Um prazo apertado e que os inúmeros obstáculos criados por parte de muitos serviços do SNS, e já reiteradamente reconhecidos em várias deliberações da Entidade Reguladora da Saúde, tornam ainda mais aflitivo.

Que quererá então dizer "10 mais quatro"? A ginecologista Teresa Bombas, uma das dirigentes da Sociedade Portuguesa de Contraceção, responsável pelo Comité de Aborto Seguro da Federação Internacional de Ginecologia e Obstetrícia, traduz: "Dez semanas completas de gravidez são 10 semanas e seis dias para os médicos."

Quanto à alegada necessidade do batimento cardíaco do embrião para confirmar a gravidez, esta médica do serviço de obstetrícia do Centro Hospitalar e Universitário de Coimbra espanta-se: "Isso é uma coisa que está totalmente ultrapassada, já não se faz. Aliás no very early medical abortion [aborto médico muito precoce], para o diagnóstico da gravidez intra-uterina basta vermos um saco gestacional com vesícula vitelina. Se não tivermos esta imagem damos a escolher à mulher repetir a ecografia a uma semana ou fazer uma análise ao sangue [da hormona beta HCG] que repete após três dias. A evolução dessa hormona permite excluir uma gravidez extra-uterina e avaçar com a IVG mais cedo. Não é de todo necessário visualizar o embrião, e visualizar o embrião com vitalidade. A menos que para a mulher seja fundamental saber se a sua gravidez estava a evoluir ou não."

Mas não há normas, critérios uniformizados no SNS em relação ao procedimento? "Sim, guidelines claras.
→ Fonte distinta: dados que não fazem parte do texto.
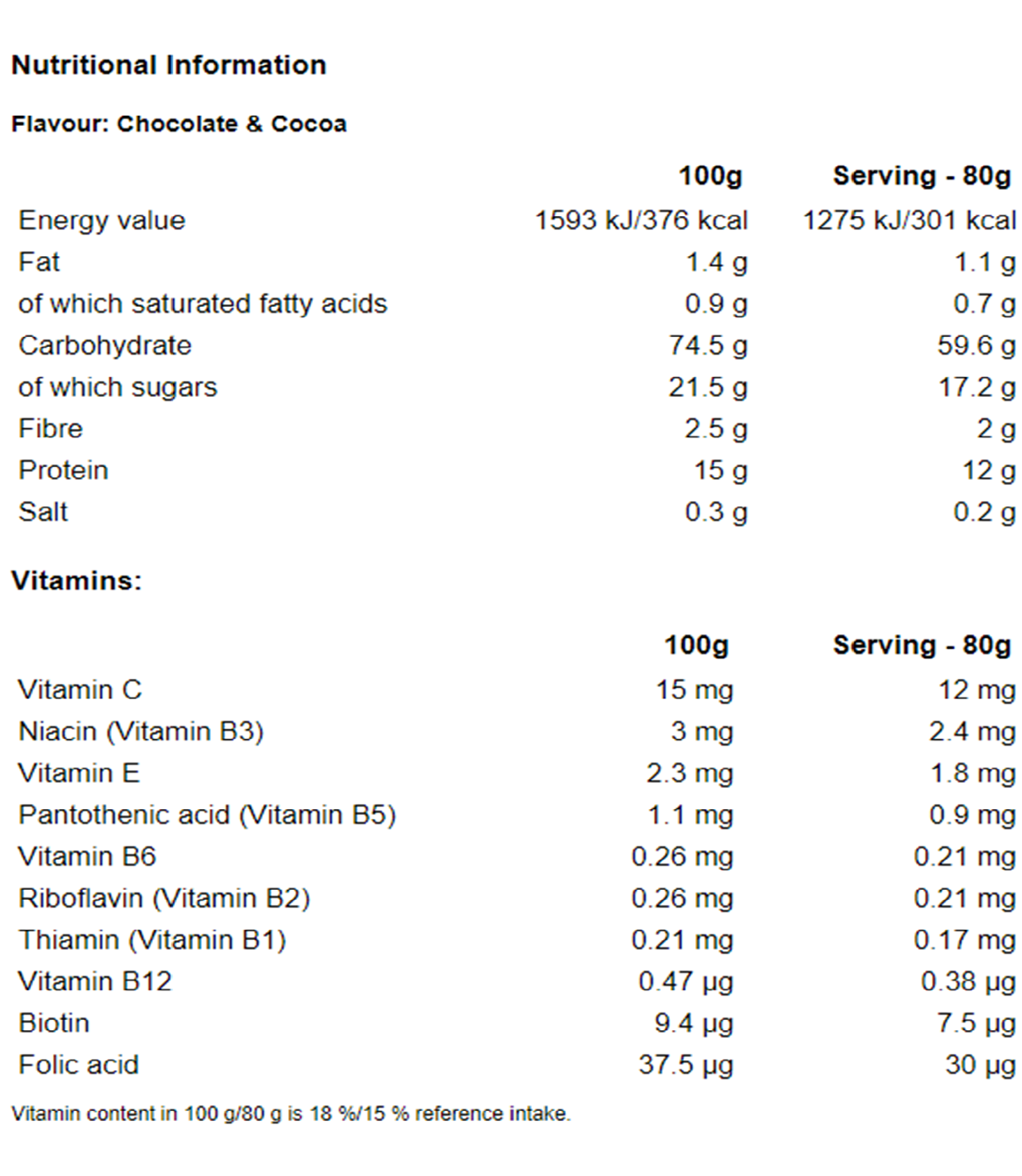 Vitamin content in 100 g/80 g is 18 %/15 % reference intake.

Trata-se de um problema de falta de conhecimento e de articulação da consulta hospitalar com o centro de saúde."

E as mulheres serem obrigadas a andar doidas à procura de um lugar onde lhes façam a ecografia necessária em tempo útil, também não é suposto, assegura a especialista: "O que está escrito é que os hospitais que não asseguram todos os passos têm de estabelecer um circuito de referenciação funcionante. O que significaria que estando protocolado que a consulta prévia é no centro de saúde, este tem de se organizar com o hospital de modo a que os exames sejam executados e os prazos cumpridos."

Os prazos, pois: a lei estabelece que desde o primeiro contacto com o SNS até à consulta prévia (à qual se segue o período de reflexão de três dias, e depois a IVG), só podem decorrer, no máximo, cinco dias - se bem que no último relatório sobre IVG disponível, cuja versão preliminar foi publicada em junho de 2022 e dizendo respeito ao período 2018/2021, a média nacional seja de sete dias.
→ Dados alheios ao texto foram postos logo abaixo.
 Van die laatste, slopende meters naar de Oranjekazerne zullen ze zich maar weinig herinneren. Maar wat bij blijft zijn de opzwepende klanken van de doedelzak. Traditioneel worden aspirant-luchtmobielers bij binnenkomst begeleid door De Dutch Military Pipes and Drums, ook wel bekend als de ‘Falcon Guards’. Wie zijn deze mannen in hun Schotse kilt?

Cinco dias, não 14 como no caso de Carolina ou, no de Maria, um mês ou até mais.

Mas nem uma nem outra, que teriam no máximo 10 anos quando Portugal decidiu, em referendo, a 11 de fevereiro de 2007, que a interrupção no início da gravidez é um direito das mulheres, sabiam grande coisa sobre a forma como a lei e das suas regulamentações garantem o acesso a esse direito.

Esse, crê Carolina, é um dos problemas. "Era muito importante que quando nos descobrimos nesta situação pudéssemos ir a uma página na internet onde o processo estivesse todo explicado, de forma simples e clara, com o que é preciso fazer, prazos, direitos, exames necessários, tudo. E onde encontrássemos também informação sobre os locais onde não se deve ir porque são todos objetores e/ou obstaculizam de propósito."

Já Maria fica calada a ouvir as explicações que o DN lhe transmite, quer sobre o prazo gestacional para aborto, como esclarecido por Teresa Bombas, quer sobre o que a lei prescreve. "Pois, o médico do centro de saúde disse-me que antes as mulheres iam diretamente ao hospital, e tratavam de tudo lá. Portanto este processo, que me está a irritar tanto, não devia ser assim. Não sabia que não era suposto ser isto. A ideia com que fiquei é que era mesmo pensado para dificultar, para haver menos abortos. Assim fico contente. Por Portugal, por ter uma lei boa, e não pela prática, que está errada."